Resting and activated states of the B cell antigen receptor

Each B cell contains up to 100,000 B cell antigen receptor (BCR) complexes on its surface, which only become fully active on exposure of the B cell to its cognate antigen. Most studies on BCR function aims at a better understanding how the BCR becomes active and transmits its signal to the many signaling pathways inside the cell. Another, albeit related question, is how the B cells ensure that the many BCR complexes stay (in most cases) in a silent inert conformation. This problem of activation control the BCR shares with many of its signaling elements, be it kinases, phosphatases or adaptors, which all have to be regulated tightly in their localization and activity. For the later element autoinhibition plays an essential role in this regulation. In a biochemical study we previously have found that on resting B cells the BCR resides in oligomeric and monomeric forms. We now have conducted experiments that suggest that the BCR also can resume an autoinhibitory conformation and that BCR oligomerization plays an important role in this process. Specifically oligomerization of the BCR in conjunction with the kinase-phosphatase equilibrium at the BCR contributes to the tight control of BCR activation. Our studies resulted in a new model of the resting BCR and its activation.

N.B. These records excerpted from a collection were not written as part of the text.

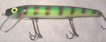 Posts: 1106 Location: Muskegon Michigan | Here are the 4 colors I was talking about. Now it was mentioned aboput throwing a frog colored bait up into the weeds. but that has not been the way it has worked for us. We have tremendous results using Olive frog patterns out on Lake St Clair. Also one many other inland Lakes in Michigan and water color doesnt seem to matter. In 2007 we boated a 30 pound 48 incher on a northern Michigan clear and I mean gin clear lake . We were in 45 feet of water and the lure was out on a Planer board running down about 11 feet. I had a 6 fish day on Lake St. Clair on Olive frog Slashers in 2006 all in 15 to 18 feet of water 5 miles off shore. Murray lake in the middle of Michigan is stained and green and Olive frog is hot there as well. There are no frogs swimming around in 45 feet of water. The spots have a lot to do with why a Musky zeros in on a bait painted with that pattern. But the guy who is looking for a good color for trolling always passes on that pattern unless he has seen it work. W e never leave home with out at least 4 Olive frogs . Kingfisher Edited by Kingfisher 1/7/2009 10:43 PM Attachments ---------------- wbperch.JPG (13KB - 91 downloads) coco.JPG (13KB - 90 downloads) frog.JPG (10KB - 84 downloads) sucker.JPG (13KB - 86 downloads) | ||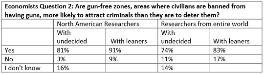 You can browse through the study results at the link for yourself. (It’s not terribly long.) As a bonus, to compare American attitudes to those in less freedom oriented nations, they included professionals from other countries as well. But one of the first, top line questions really sums up their findings nicely. They asked the question, Are gun free zones, areas where civilians are banned from having guns, more likely to attract criminals than than they are to deter them?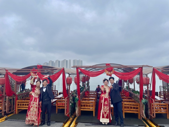 当天,活动现场,新人们从东江广场乘船而来,红衣配绿水,两岸风景如画。他们满脸微笑,满怀对未来的期待与憧憬,在水上舞台拍摄“水誓山盟”VCR后,携手穿过雅阁码头的幸福花丛,共同迈入雅阁酒店婚礼现场。
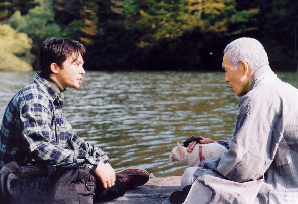 <봄 여름 가을 겨울 그리고 봄>은 대사가 많지 않다. 조용하고 적막한데, 사건이 일어난다. 절제된 대사와 인물의 움직임 사이의 여백은 계절이라는 배경과 호수 위에 떠 있는 암자의 모습이 채워준다. 등장인물도 노승, 동자승, 소녀, 소녀의 엄마, 형사1, 형사2, 아기엄마, 아기 이런식으로 한 사람씩 읊을 수 있다. 영화는 세상의 모습을 몇사람이 되지 않는 이들을 통해 충분히 보여준다. 등장하는 동물 개구리, 뱀, 물고기, 닭, 고양이의 비중도 무겁게 느껴진다. 결국은 함부로 대할 수 있는 것은 하나도 없다.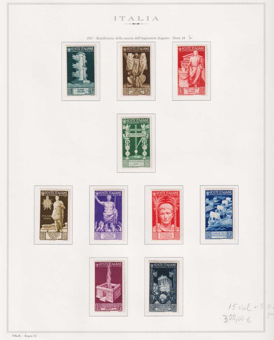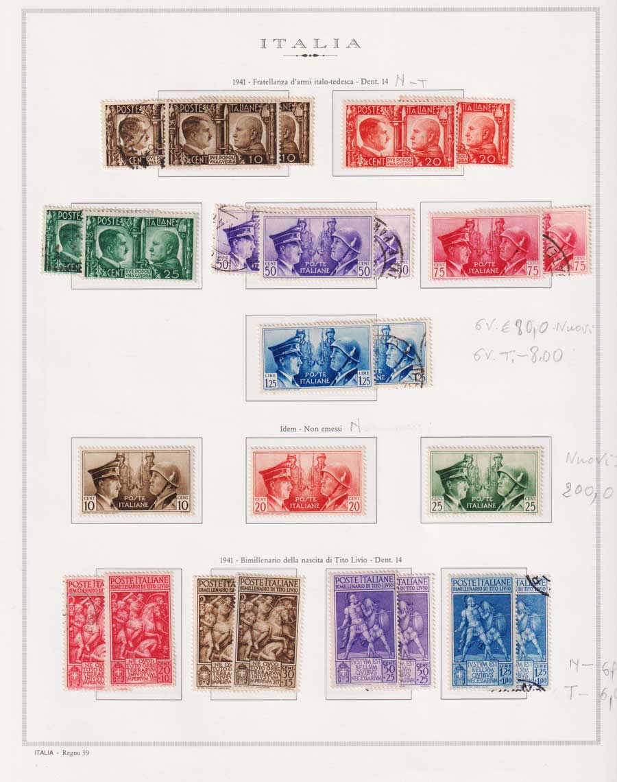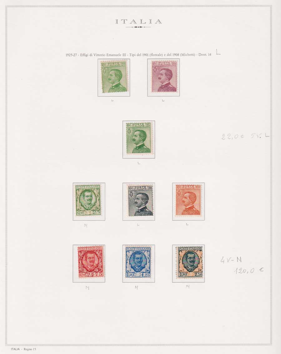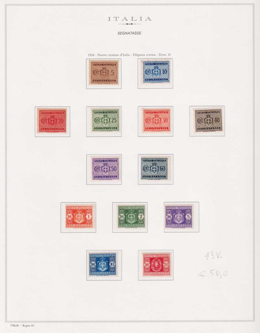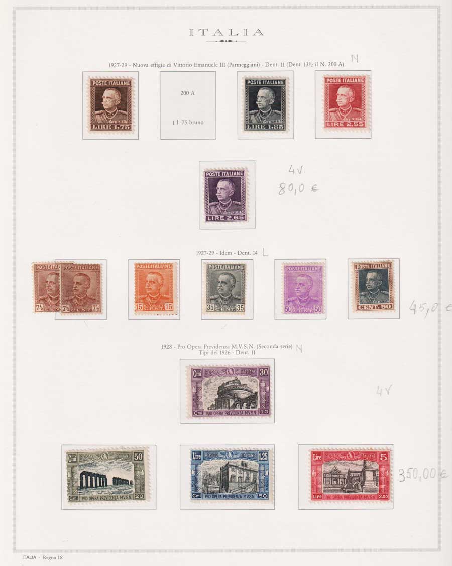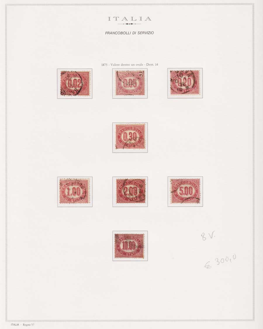COLLEZIONE DEL REGNO D'ITALIA DAL 1862 AL 1943 COMPRESI ALCUNI SERVIZI SU ALBUM CON FOGLI MARINI COMPRESA CUSTODIA. TUTTI I FRANCOBOLLI PRESENTI NELLA RACCOLTA SONO VISIBILI NELLE SCANSIONI, SONO IN OTTIMO STATO DI CONSERVAZIONE E PREVALENTEMENTE CON GOMMA ORIGINALE (CONTRASSEGNATI DALLA LETTERA L). I FRANCOBOLLI O LE SERIE CONTRASSEGNATE CON LA LETTERA “N” SONO DA RITENERSI CON GOMMA INTEGRA SENZA TRACCIA DI LINGUELLA.

We also study how the cytosolic protein tyrosine kinase Syk is regulated and activated by the BCR. Syk is also regulated by auto-inhibition and only becomes fully active when recruited to the BCR. We now have identified Syk mutant that are altered in auto-inhibition and tested their activity in the S2 Schneider cell reconstitution system as well as in reconstituted Syk deficient B cell lines. Our data show that a tight Syk regulation is essential for normal B-lymphocytes development.